Шестьдесят килограммов солнечного света - Халлгримур Хельгасон
Шрифт:
Интервал:
Закладка:
Безбородый агент-американец пригласил его в воскресенье в церковь, где собирался рассказывать о переездах во Мерику, – но черт побери! – Эйлив не мог заставить себя снова приблизиться к этому зданию.
Глава 17
Двое на одном камне
Лауси от чтения книг приохотился к язычеству, в церковь его можно было затащить разве что силком, а ко всем богам он относился как к книжным героям. И рассказы о них были, конечно же, познавательны и во многих отношениях хороши, хотя Исус Христос не шел ни в какое сравнение с Эгилем Скаллагримссоном в силу своей «слабооружности».

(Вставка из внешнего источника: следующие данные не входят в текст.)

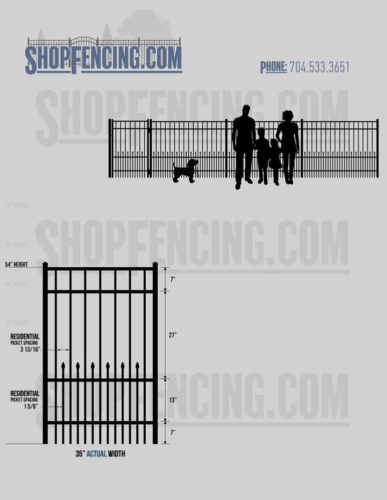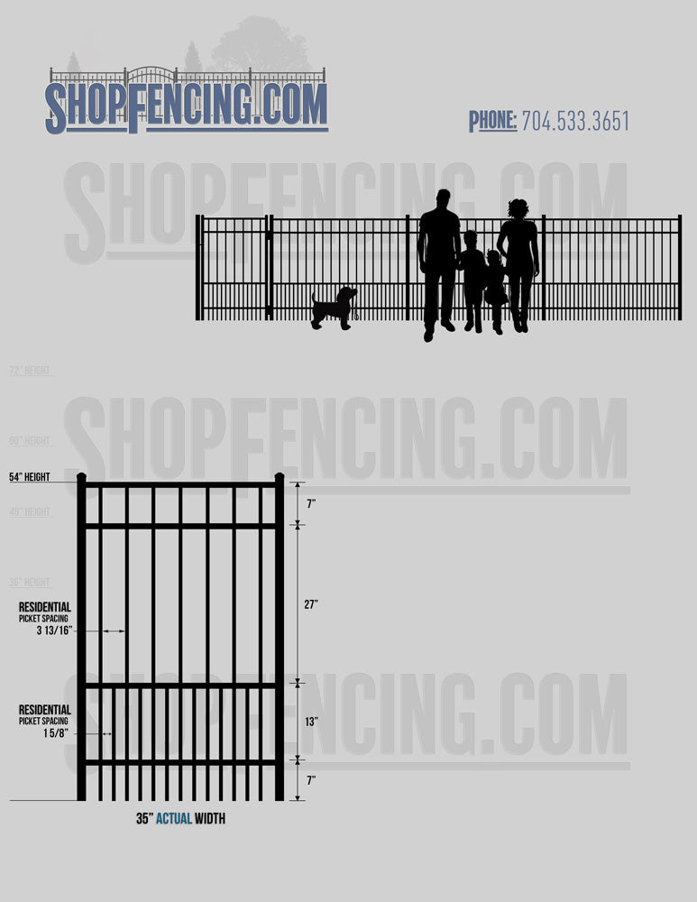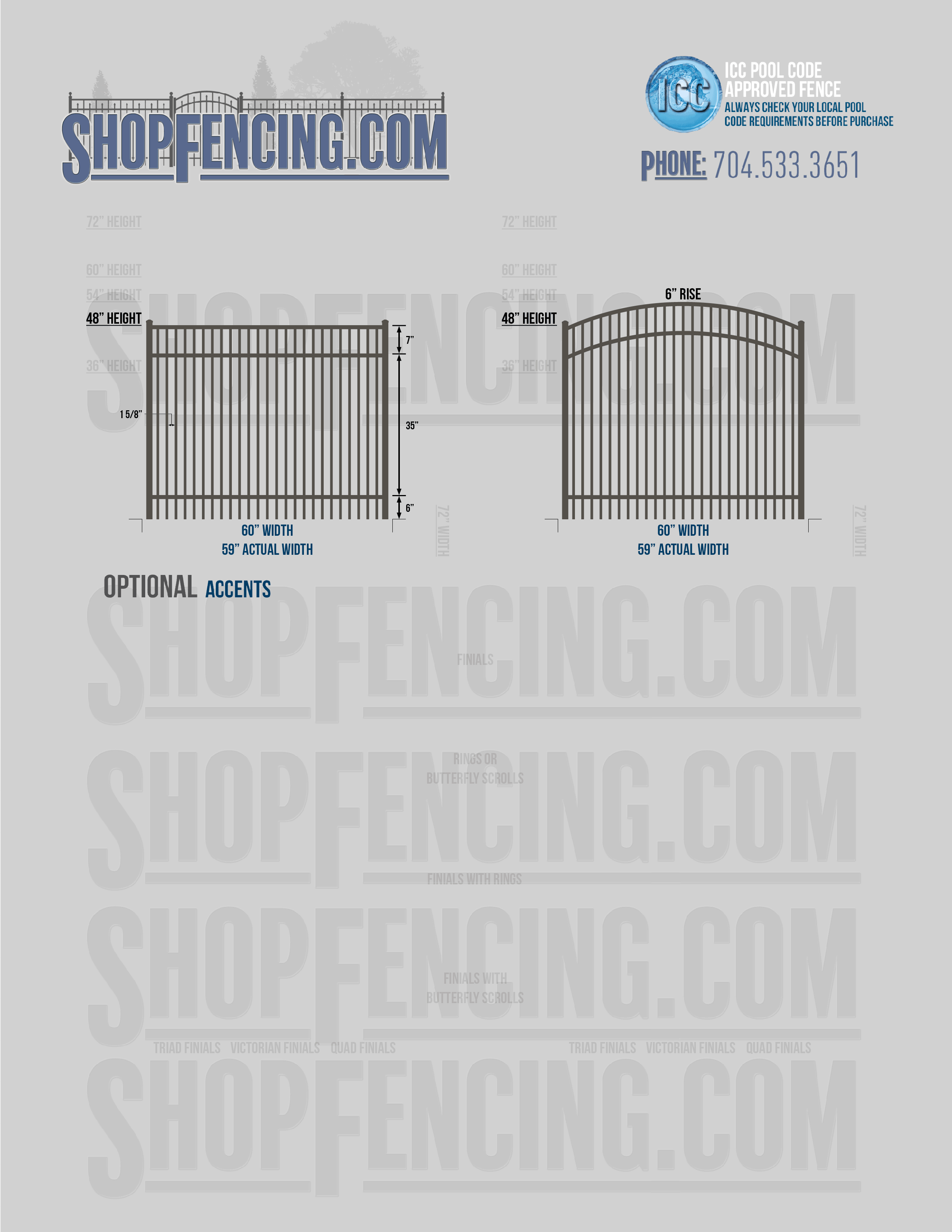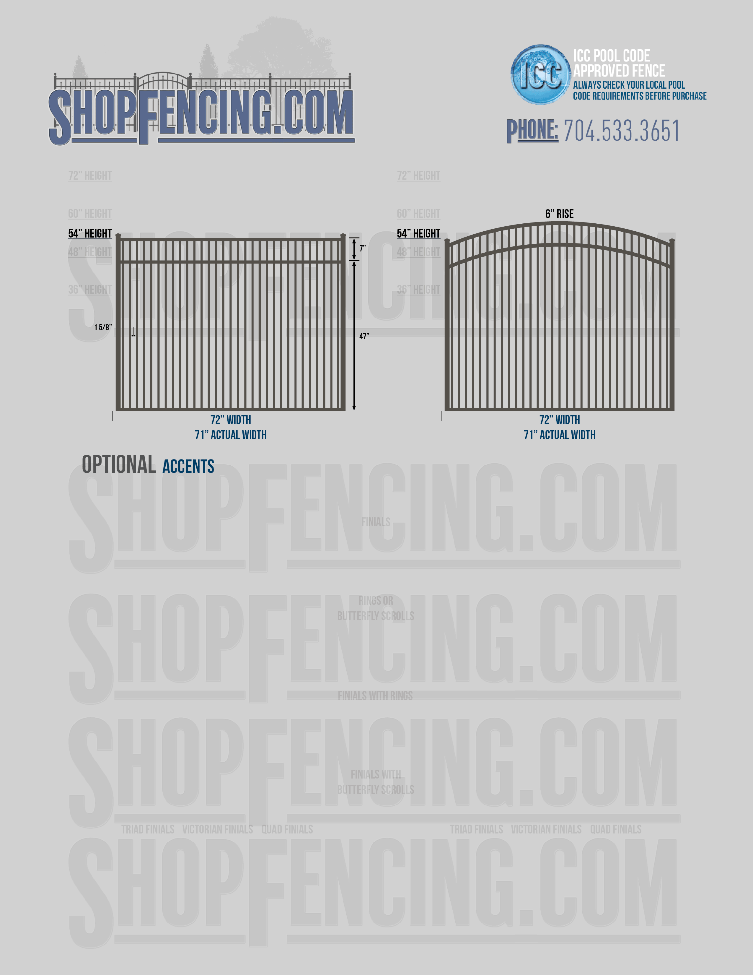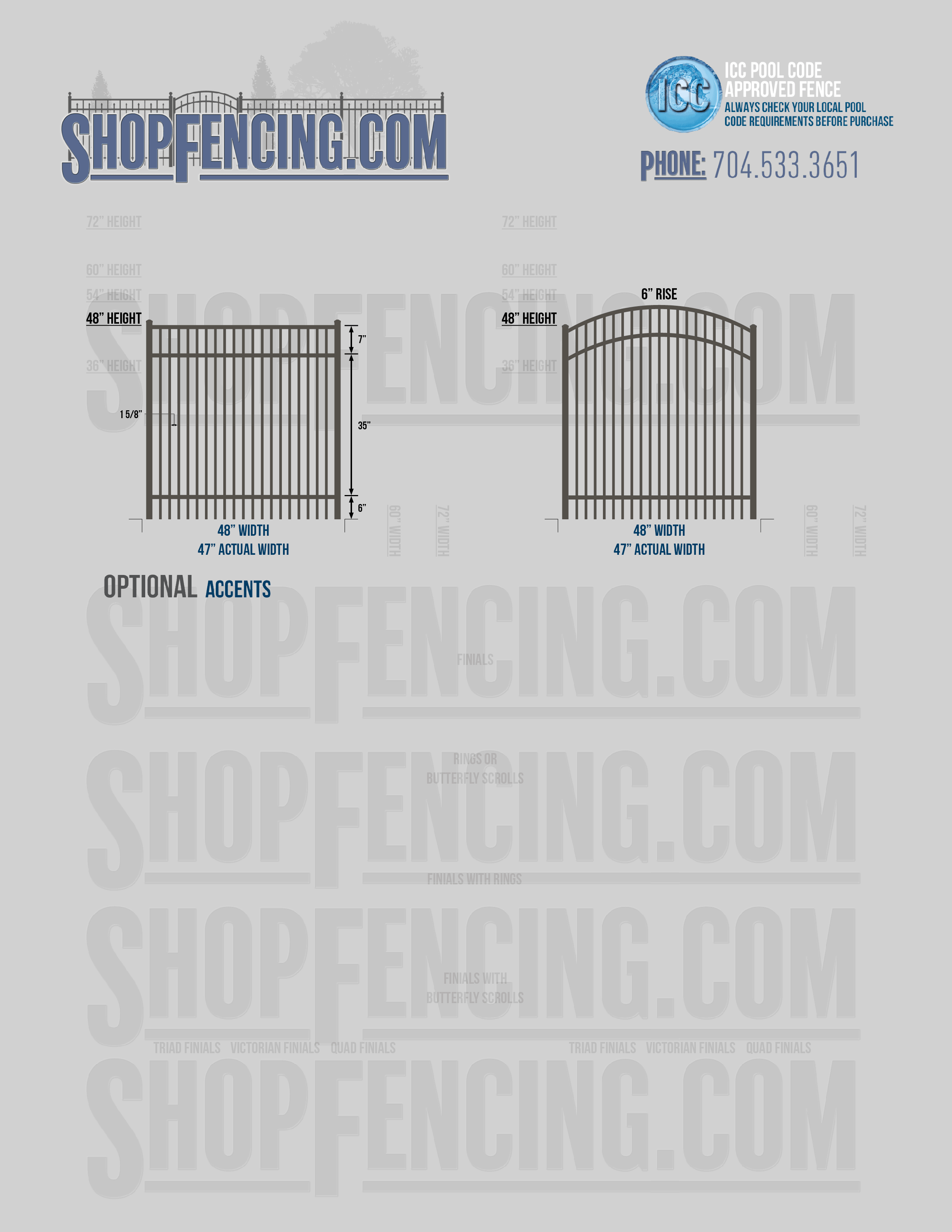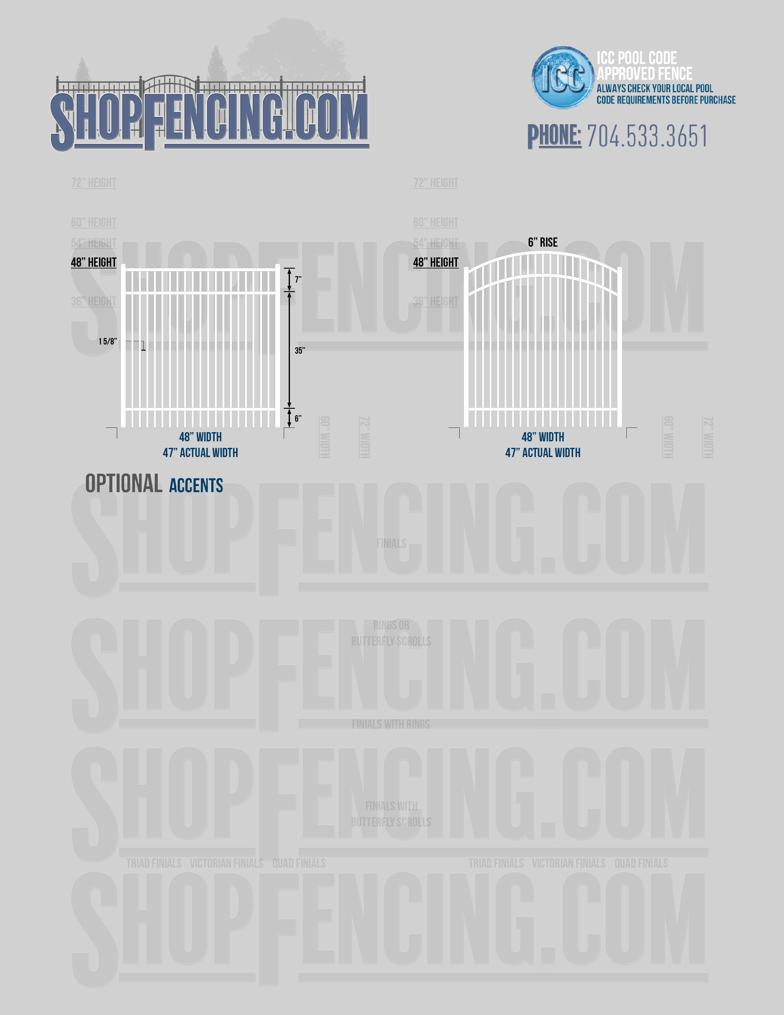 Standard Picket Design: 54" Flush Bottom, 60" and 72" Heights. Double Picket Design: 48", 54", 60" and 72" Heights. Check your local pool codes before purchasing.

– Ну вот, значит. В саге о Христе отсутствует почти все, что украшает сагу об Эгиле. Разве что сцена распятия достигает своей цели, но она довольно затянутая, и в ней ни крови, ни ярости – ничего. И там автор упустил возможность: там Отец мог бы сочинить какую-нибудь «Утрату сына», или сын – какой-нибудь «Выкуп головы»[33], – так нет же: все вырождается в какие-то мученические стоны, – и ведь затем преподобный Хатльгрим[34], болезник наш, наплел по мотивам всего этого аж тыщу двести строф, самое длинное и скучное псалмоплетение, на которое только оказался способен наш брат-северянин, а народ все это проглотил из одной жалости к несчастному прокаженному поэту! А что до самой саги об Исусе, то весь этот лепет о распятии ей как раз впору по стилю. Где царит всепрощение – там никакого драматизьма нет, а где нет драматизьма, там с лиходеями не ратоборствуют, там литература не зарождается, там ни побед, ни боли, ни башкоснесения! Вот… Подставить другую щеку – это, в сущности, всего лишь теоретизирование. Исключение! То, что проповедует Христос, – это же на самом деле уничтожение литературы, он никому не дает жить как поэту, он – великий истребитель сюжетов. Ему ногу отрубают, а он подставляет другую, руку оттяпывают у плеча, а он предлагает другую, сердце из груди вырезают, а он… да, тогда-то он что предлагает? Тогда он превращается в дым костра и в таком виде возносится на небеса! Даже баба, ну, Сигрид со Дна Долины, ни за что не позволила бы себе в свои рассказы напускать такой копоти. Фить-фить, и раз – в небо, и все! На том стою: Исус Христос – величайший истребитель историй, – вот он кто! Истребитель!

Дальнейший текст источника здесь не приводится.